No sé cuántos eventos violentos, en cualquiera de sus formas, deben ocurrir para que una mujer hable. No reconozco ninguno, al momento, porque, por un lado, no he sido sobreviviente de violencia de género, y, por otro, porque las experiencias de vida y nuestras reacciones a ellas no se miden con una camisa de fuerza.
Sin embargo, las razones por las que una mujer no hablaría casi siempre son las mismas, tomando en consideración la vulnerabilidad a la que se expone tanto en su círculo familiar como en el juicio público. Por un lado, el miedo, la inestabilidad económica, las pocas o ninguna garantía de seguridad y protección que le brinda el estado, y el sello de víctima que le toca cargar. Sobre esto último, concuerdo con Marta Sanz en que:
“No querer asumir el calificativo de «víctima» —a veces, porque no es justo, a veces por miedo— no es óbice para sacar a la luz otras facetas de vulnerabilidad que avalan […] nuestro derecho a querer salir de las cáscaras que nos oprimen las extremidades y limitan nuestro mundo […] No soy una víctima, pero tampoco tengo que ir todo el día dándomelas de fuerte, forzando una voz de barítono en la que no me reconozco” (Monstruas y Centauras, 2018).
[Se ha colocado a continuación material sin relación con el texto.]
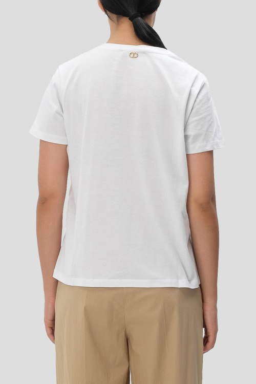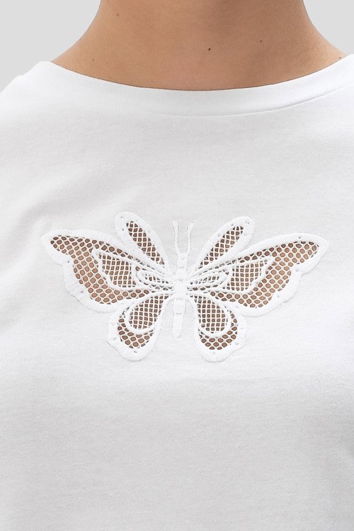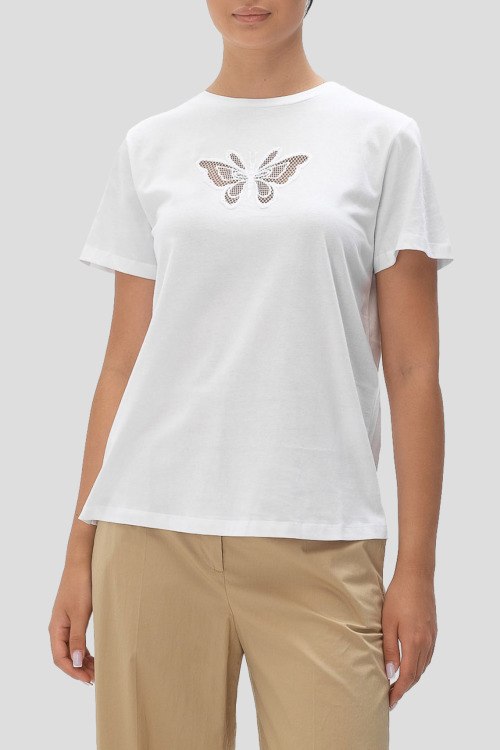 Детали: Женская белая хлопковая футболка от TWINSET (Твинсет). Вышивка в ввиде бабочки на груди, круглый вырез горловины, короткий рукав, классическая длина
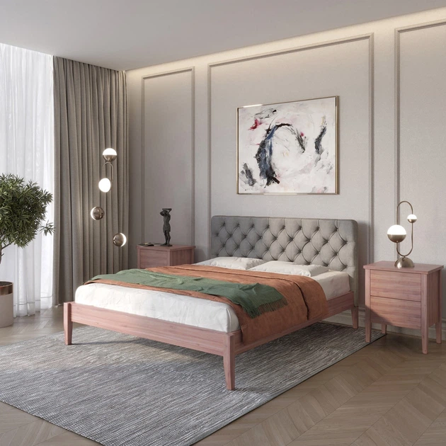 Односпальне дерев'яне ліжко Mebigrand Рим ДК Горіх лісовий/Аляска 93 (Сірий) Б3 90х200 см (MBG-)
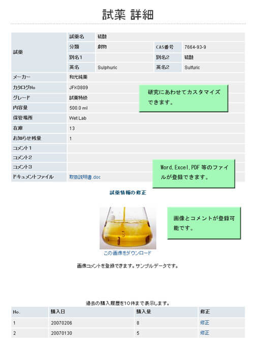毒物・劇物・PRTRの対象となっている化学物質や試薬が1000種類以上、予めデータベースに登録してあります。 試薬の日本語名や英語名、CAS番号などから検索することができ、研究室でこれらの試薬の使用量や在庫管理が簡単に行えるようになります。

Por otro lado, se levantan los dedos acusadores que no se hacen esperar cuando una mujer, con todo el bagaje patriarcal que le hace sombra, rompe el silencio y se nombra. Los reproches sobre el tiempo, la forma, la circunstancia y el lugar llegan a la conversación, sobre todo, cuando el agresor en cuestión es una figura pública, algún artista famoso o un productor de cine muy respetado (Véase Bill Cosby, Harvey Weinstein, Chris Brown, Eliezer Ramos, Osvaldo Ríos, y si sigo, no termino).
Pero, “¿por qué ahora?, ¿Esa era la forma para decirlo? Ese no es el foro, ¿Querrá dinero? Pudo haberlo denunciado, esa mujer lo que está es loca, celosa y resentida”, y se lanzan los paladines de la justicia a nivelar la balanza -del patriarcado- mientras revictimizan una y otra vez. No solo aparecen en los comentarios de la prensa, ni en sus redes sociales, también tienen forma de columna en la que se revalidan las dinámicas violentas que se dan entre parejas y que, mayormente, afectan a las mujeres.
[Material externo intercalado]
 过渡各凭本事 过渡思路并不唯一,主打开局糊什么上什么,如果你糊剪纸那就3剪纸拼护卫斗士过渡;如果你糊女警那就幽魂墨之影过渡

Paralelo a esto, se erige y afianza una red de protección liderada por el silencio. Hombres que no abusan, no violan, no maltratan y no son infieles -según ellos- pero se ríen, son condescendientes y callan. Los mismos que aparecen en una marcha feminista y hasta se ponen una camisa violeta y se cuelgan el pañuelo verde, porque el aborto debe ser libre. Frente a nosotras son los defensores de la verdad, reconocedores de sus privilegios, solidarios que se nombran aliados de nuestra lucha. Eso sí, que no les verifiquen los chats con los panas, que no les pidan que confronten a su amigo el machote o que no se “inventen” algo sobre uno de sus amiguitos porque hasta ahí. Los invade la duda, el silencio y alguno que otro se pasa al bando del dedo acusador. Y así se repite este libreto cada vez que una mujer decide hablar.
Hace unos días, recibimos la denuncia pública de abuso psicológico e infidelidad de la que ha sido sobreviviente la licenciada Raquel María Quiñones Ayala, por parte de su esposo Néstor Duprey, analista, historiador y ahora excandidato a la Cámara de Representantes por el Movimiento Victoria Ciudadana.
Me pensaría decepcionada, sin embargo, no me sorprende. El machismo institucional y sistémico que vivimos no discrimina escolaridad ni clase social. Se cuela por todos los recovecos que encuentra como el agua cuando empuja con fuerza o se sale del mar. Y los precios que se pagan, como ya vimos, suelen ser muy caros. Por eso, cuando una mujer encuentra fuerza, valor, empuje y ovarios para denunciar algo así, solo toca creerle, acompañarla, dejarle saber que no está sola. Pensar otra cosa es sacar la carta que, por años y cuidado si siglos, han usado para callarnos: la culpa. “¿Pero por qué no lo denunció? ¿Por qué esperó hasta ahora? ¿Será para dañarle su carrera política?” La respuesta es sencilla: porque nosotras nunca ganamos en este sistema.
Por suerte, el silencio que nos acompañaba ya va recuperando la voz, y ahora somos tantas que no podrán callarnos. Raquel, yo sí te creo.